I.                       Le recours est partiellement admis.

II.                      La décision du Service de la population du 18 mai 2017 est annulée et la cause est renvoyée à ce Service pour instruction complémentaire et nouvelle décision au sens des considérants.

III.                    Un émolument judiciaire de 300 (trois cents) francs est mis à la charge du recourant.

IV.                    Une indemnité de 500 (cinq cents) francs, à verser au recourant, à titre de dépens, est mise à la charge de l'Etat de Vaud, par l'intermédiaire du Service de la population.

 

Lausanne, le 23 octobre 2017

 

Le président:                                                                                             La greffière:


 

Le présent arrêt est communiqué aux destinataires de l'avis d'envoi ci-joint, ainsi qu'au SEM.

Il peut faire l'objet, dans les trente jours suivant sa notification, d'un recours au Tribunal fédéral (Tribunal fédéral suisse, 1000 Lausanne 14).

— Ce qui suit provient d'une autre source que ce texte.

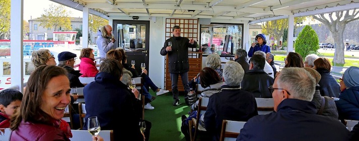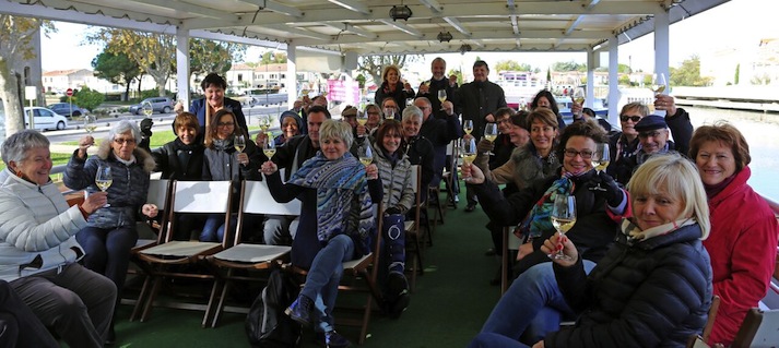 Dans la fraîcheur du matin et dans la bonne humeur, c’est l’embarquement sur la Péniche Isle de Stel à Aigues-Mortes,

Le recours en matière de droit public s'exerce aux conditions des articles 82 ss de la loi du 17 juin 2005 sur le Tribunal fédéral (LTF - RS 173.110), le recours constitutionnel subsidiaire à celles des articles 113 ss LTF. Le mémoire de recours doit être rédigé dans une langue officielle, indiquer les conclusions, les motifs et les moyens de preuve, et être signé. Les motifs doivent exposer succinctement en quoi l’acte attaqué viole le droit. Les pièces invoquées comme moyens de preuve doivent être jointes au mémoire, pour autant qu’elles soient en mains de la partie; il en va de même de la décision attaquée.